Print every line from the start of the data, and when you reach the line with "Semblable à une", include it and stop. Pictures are not part of the copy.

*** INFORMATION SUPPLIED ***

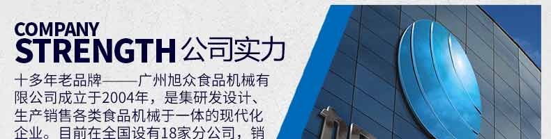廣州旭眾食品機械有限公司是一家集科研開發(fā),生產(chǎn)設(shè)計,營銷服務(wù)為一體的現(xiàn)代化生產(chǎn)企業(yè)。現(xiàn)代化生產(chǎn)車間,精湛制造技術(shù),所產(chǎn)機械歷經(jīng)市場重重考驗,不斷贏得海內(nèi)外客戶的贊譽。
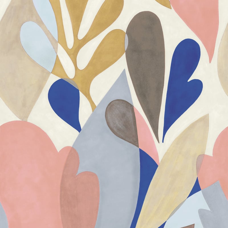 Semblable à une fresque murale, Dancing Colours affiche de grandes feuilles abstraites aux tons pastel. Les figures, d’un aspect d’aquarelle, sont inspirées d’un célèbre collage réalisé par l’artiste français Henri Matisse. Casedeco le reproduit en version panoramique, avec quelques retouches de formes et couleurs. Celles-ci semblent danser comme des flammes, animant le mur avec leur vivacité.
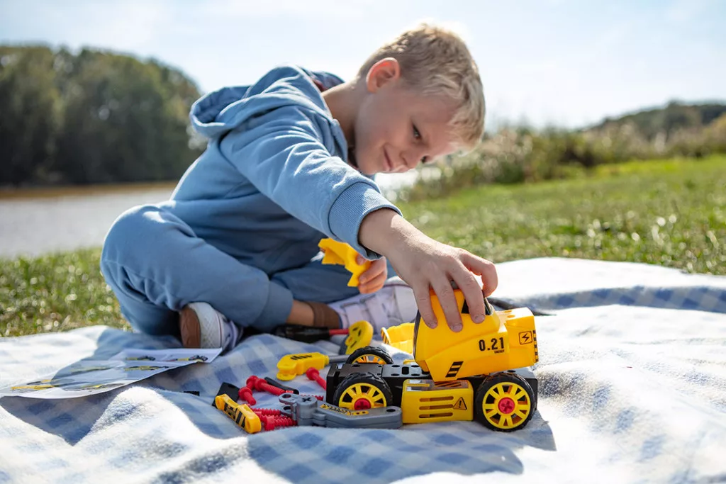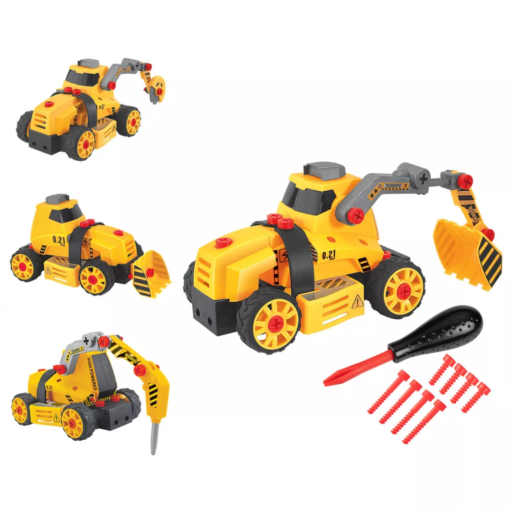 NEO GD041 Játék munkagép, 4az1ben, szerelőkészlettel. Egy modern játék, amely 28 darabból áll, és úgy tervezték, hogy egy műanyag csavarhúzóval össze lehessen rakni. A strapabíró PP anyagból készült, 3 évesnél idősebb gyermekek számára ajánlott játék sikeres ajándék lesz az építőipari járművek rajongóinak. A NEO TOOLS márkájú játék 4 változatban kínál konfigurálási lehetőséget: buldózerként, ütvecsapó kalapács a gémre, kotrógép a gémre, körfűrész a gémre. CE tanúsítvánnyal rendelkezik.
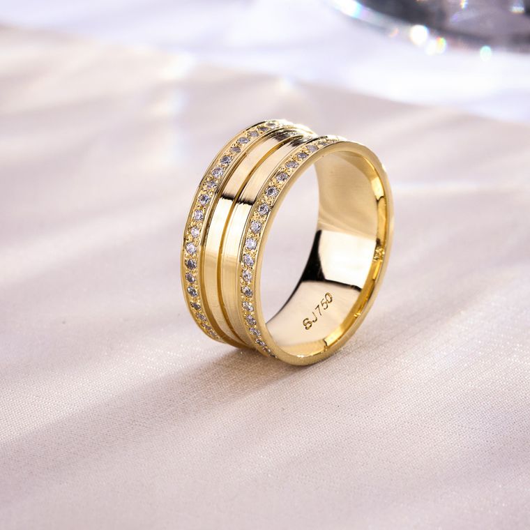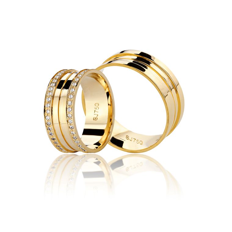 Alianças Capri em Ouro Maciço 18K – Design Imponente com Toque de Brilho

***

### RESPONSE TO THIS TASK
廣州旭眾食品機械有限公司是一家集科研開發(fā),生產(chǎn)設(shè)計,營銷服務(wù)為一體的現(xiàn)代化生產(chǎn)企業(yè)。現(xiàn)代化生產(chǎn)車間,精湛制造技術(shù),所產(chǎn)機械歷經(jīng)市場重重考驗,不斷贏得海內(nèi)外客戶的贊譽。
 Semblable à une fresque murale, Dancing Colours affiche de grandes feuilles abstraites aux tons pastel. Les figures, d’un aspect d’aquarelle, sont inspirées d’un célèbre collage réalisé par l’artiste français Henri Matisse. Casedeco le reproduit en version panoramique, avec quelques retouches de formes et couleurs. Celles-ci semblent danser comme des flammes, animant le mur avec leur vivacité.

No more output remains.